Our guest today is Ron Hagensieker Ph.D., the founder, and CEO of OSIR.IO, an artificial intelligence and earth observation company. Ron has had an interest in remote sensing in the beginning, starting with his BA in geography, all the way to his PhD in remote sensing. All along the way, he has found ways to incorporate machine learning. One project, in particular, was thiscitydoesnotexist.com, a site that uses AI to randomly generate a false Landsat-style image of, you guessed it, a city that does not actually exist.
How is Fake Aerial Imagery Created?
In order to create fake imagery, first, you must obtain a great deal of real imagery. These images will be used to train your neural network to recognize the unique landscape characteristics that make a city a city. The machine learning models learn to identify and recreate the patterns we associate with small-scale views of cities (i.e Landsat or Sentinel imagery) mimicking the transitions from city center, to suburbs, to farmlands. They can even be trained to create fake DEMs.
ThisCityDoesNotExist.com’s algorithm actually involves creating two competing machine learning algorithms, the generator, and the discriminator.
The generator algorithm generates images, attempting to fool the discriminator model which dubs each image as a ‘real’ or ‘fake’ city.
Based on the responses of the discriminator model, the generator will adapt its next image, and try again. In programming, this technique is called a Generative adversarial network (GAN). GANs are especially powerful algorithms, and can even be pit against other algorithms to expose their weaknesses.
The positive feedback loop the generation and discrimination process creates can hypothetically go on forever, but will ultimately be limited by computer resources, or be influenced by the finite number of images originally used to train the model.
These algorithms use unsupervised classification, which is when the computer groups like pixels into a prescribed number of classes.
Unsupervised classification distinctly does not require drawing bounding boxes around features, and therefore may be faster to prepare than supervised methods.
It is possible to add some influence to the process with supervised classification. This involves inputting a dataset of city center points, telling the model “here, these are cities”, potentially improving results.
Why Create Fake Imagery?
In a data rich world with so much access to all varieties of raster data, why would we want to add fake imagery into the mix? Well, the truth is we aren’t quite sure yet. When plenty of real data exists, there is little desire to inject energy into simulating data. While there are no especially compelling uses for large amounts of fake imagery, doctored imagery is a different story.
There may be military applications for faking parts of images, but not necessarily whole landscapes. This could be identifying and disguising sensitive military operations in satellite imagery, or maybe even simulating the result of damage to landscape elements.
Randomly generated AI landscapes don’t have much use on their own, but once you add more channels to the data (Elevation models, population density, etc), and start adding constraints, things can get really interesting.
The trick here is the channels must be coregistered to be meaningful. Coregistering means that the images have all been lined up with each other spatially.
By combining information from many channels, you can create a living modeling environment. It gets even more exciting if you can pull off adding time.
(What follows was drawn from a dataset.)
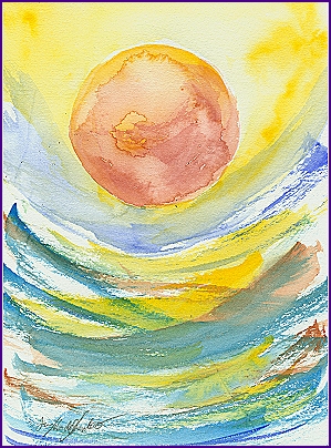Und doch bleibt das Bild offen, voller Fragen. Welche Sonne geht in mir auf? Welchen Kreis meines Lebens beginne ich gerade zu schließen oder neu zu öffnen? Was erhebt sich in mir, wenn ich bereit bin, es zuzulassen? Diese Fragen sind es, die den Betrachter nicht loslassen und aus einem schönen Aquarell ein kraftvolles Sammlerstück machen.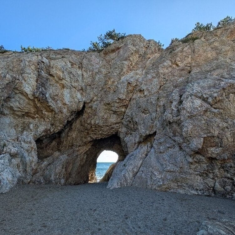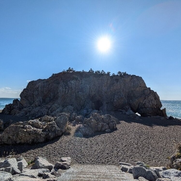一泊二日 愛知旅行⑦ 〜渥美半島〜 日出の石門✨️ 悠久の時がつくり出した神秘的な自然の造形✨️ 海の中でポッカリとおおきな穴をあけている不思議な岩「日出石門(ひいのせきもん)」は、長い時間をかけて、太平洋の荒波によって真ん中が侵食され洞穴となったもの。沖の石門、岸の石門の2つがあり、いずれも自然の強さと神秘に圧倒されます。 日の出のときに美しいシルエットを見せてくれるようで、私達が宿から日の出を見ている時間帯にも、こちらで日の出を見ている方々が何人かいました😊 私達も行きたかったけど、寒くて日の出時間は諦めましたが😆 駐車場から約300メートル約179階段降りると、最後は階段の無い急な下り坂かなり足に負担がかかりキツイですが、それでもこれだけの絶景✨️✨️ 見る価値ありです😊 どうする家康のロケでも使われていたようです💡 2025.11.26 #日出の石門 #開運旅

This allows predictive simulation of urban planning scenarios, deforestation patterns, and even of events resulting from climate change. By simulating different population counts and densities, we can begin to identify common patterns in how people grow into their cities.
Fun Fact: If you drop oat flakes into slime mold at the positions of train stations in Tokyo, the resulting fungal network grows to look just like the actual Tokyo Rail System.
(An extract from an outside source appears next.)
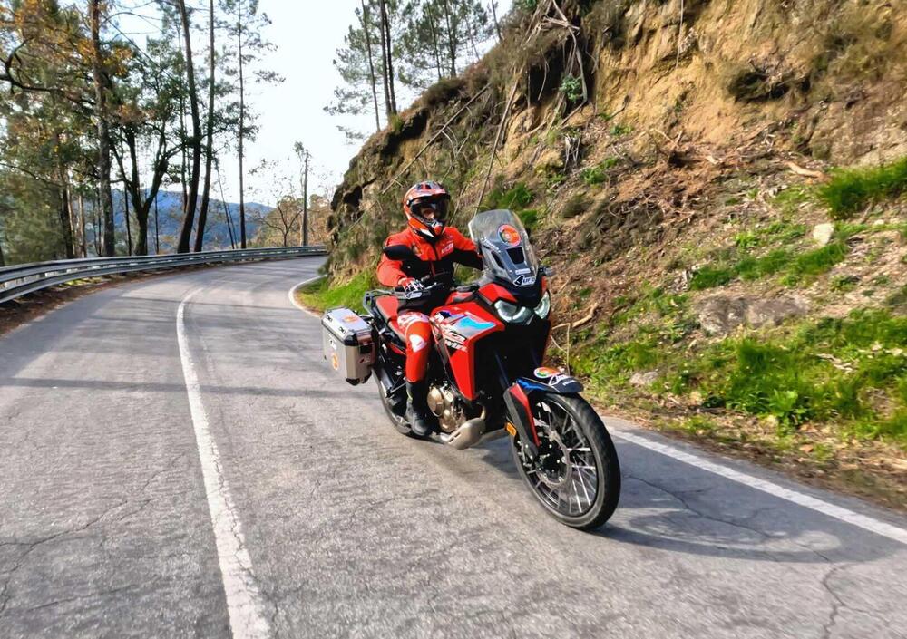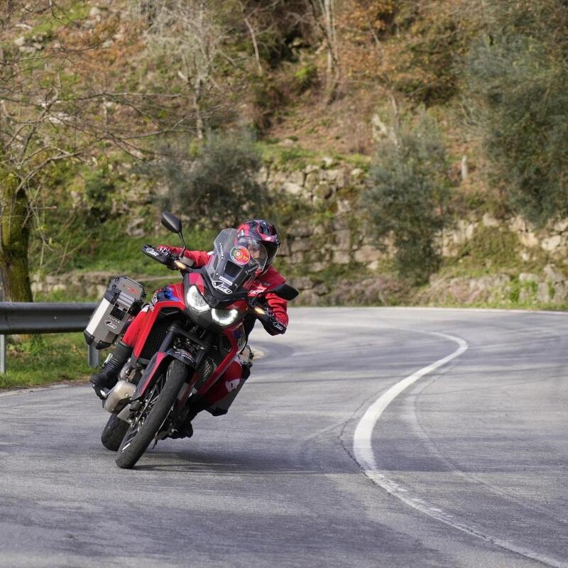 Attraversare queste valli è come perdersi attraverso una tavolozza di colori sui quali domina il verde intenso dei vigneti che dall’alto mostrano forme dolci e sinuose a dorso di tartaruga, e così perfettamente modellate da pensare come sia possibile che la mano dell’uomo arrivi a tanto. Continuiamo a scendere lungo la valle esaltandoci nella guida, l’Africa Twin non esita a scendere in piega in tutta sicurezza anche nei rapidi cambi di direzione, le sospensioni rispondono bene anche alle asperità che di tanto in tanto si incontrano, i freni anteriori hanno un’ottima risposta a patto di fare una decisa pressione sulla leva.

The reason landscape modeling does not qualify as a compelling application of fake imagery is that it is incredibly costly in terms of computing resources. Without adequate financial backing, it does not make sense to create a program like this. For now, coders are just having fun without funding.
What Are the Risks of Fake Satellite Imagery?
The most obvious risk associated with creation of imagery from machine learning models is the risk of people using this technology maliciously. Deep faking images may allow you to represent extreme scenarios on a landscape. One popular one is predicting the same landscape in all four seasons, but you could also simulate flooding, or wildfires.
Luckily there is not much genuine risk of misinformation (amongst free media at least) about events as these things are so easily verifiable.
If someone actually takes the time to simulate media coverage of a catastrophic event somewhere using deep-faked images, fact-checkers can verify from half a dozen public imagery sources if the event actually occurred (or even simply just call someone there).
So if you come across a fake image in the wild, how would you be able to tell it was fake? Well, one characteristic is that fake imagery often looks downscaled. Depending on the base logic in the algorithm used, sometimes you can pick out a fake image by the lack of truly straight road segments. This also applies to the lack of natural angles on building corners, or the presence of especially blurry building footprints.
Characteristics like haze or odd colors in areas are not reliable tells of fake imagery as these elements are normal in most real imagery as well due to atmospheric effects.
Overall, fake imagery has the potential to be very powerful, but in the current technical landscape, there is not much need for it. Due to the high skill, time, hardware, and financial investment necessary, it is unlikely we will see too much development growth in this area. The one thing we have learned from artificial intelligence, however, is to expect surprises.